Posted by anastasia on 05-12-2006

Just back from a 48-hour cross country trek to Virginia where I presented about teens, technology/media and what we're doing at Current TV to a group of newspaper reporters, editors and marketing execs at the American Press Institute. Even though I slept for over 9 hours, I still feel a little tired. Some of you may have noticed I jumped on the blog Wednesday to fill in for Chet (who has been filling in for ME) since he was traveling. I am itching to come back, but have to stay focused for the final stretch of the book. My manuscript is due the second week of July.

How weird is it to write a book where your topic literally is "live," i.e. changing every single day. When I started the process, Xanga was the site to ban from schools. Over the past six months, MySpace became a media phenomenon generating new and different angles on the story as the coverage evolved. Now after replacing Xanga with the dubious honor of the site for schools to ban, Republican legislators are trying to pass legislation that will have MySpace and all social networking sites banned from all public schools and public libraries. So much for the conservative philosphy of less government. (ok that's as political as I'll get here).

This week I've begun my journey into the topic of technology and education, having interviewed two high school teachers and one middle school teacher. Next week I will be interviewing another high school teacher, hopefully a Harvard professor/expert on the issue, and a regular Ypulse reader who happens to have been the director of educational technology at the U.S. Department of Education from 2001-2004.

Here's what I've learned so far:

- There is not only a technology gap between students and older teachers, but also between younger ("Millennial") teachers and older teachers. Millennial teachers have a much easier time incorporating technology into teaching, are more willing to take risks with it and are more comfortable letting their students help them figure stuff out. Many older teachers are still terrified of computers and of losing their authority or having it challenged in the classroom by admitting they don't know how to use the technology.

- The digital divide may be affecting some low-income schools but not others. I interviewed a teacher at this middle school in Texas (.pdf), which is a Title I school (meaning half the students are on free or reduced cost lunches). After a $300 million technology bond was passed, they have more and newer technology than the public high school in Mill Valley (located in Marin, the richest county in the country). The problem is that teacher training or staff is usually not included in these types of bonds leaving the divide I mentioned in the first point — younger teachers using it, older teachers afraid to turn it on.

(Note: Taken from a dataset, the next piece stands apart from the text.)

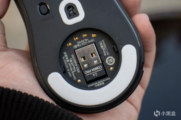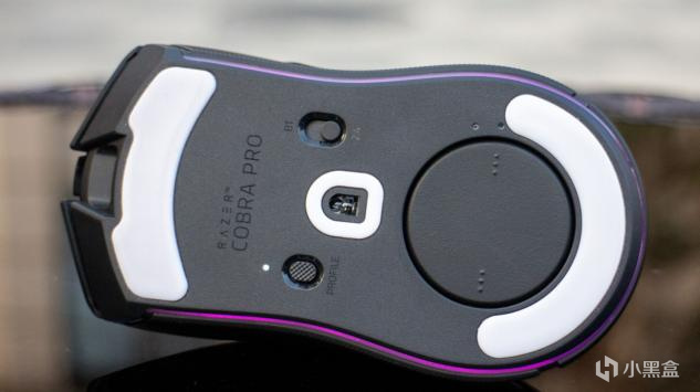底部是一圈兒U型燈帶,還有ProFile按鍵和三模切換,以及可以旋開的底蓋,裏面是接收器和充電觸點。

- Cellphones in schools are out of control. Many teachers, especially those afraid of technology, will often look the other way or let students take calls outside if their phone goes off in class. And it's often the student's parents who are calling! The teacher from the Texas middle school, said they now have a policy where they charge the student $15 to get their phone back if it goes off. This came about after students were caught texting answers to tests. I'm closely following what's happening with this issue in NYC.

- Plagiarism and shoddy sourcing of Internet research is rampant. One of the guys at the seminar yesterday said his daughter's teacher limited her to only one source from the Internet for her research paper. I'm all for making students go to the library and find other sources, but shouldn't the focus be on how to verify the validity of Internet sources instead of limiting them?

- Teachers are looking for controlled blogs and email. One company I heard about, Gaggle.net, might be a good lead — check them out.

- I predict…"the death of chalk" followed by "the death of dry erase boards" in schools within five years.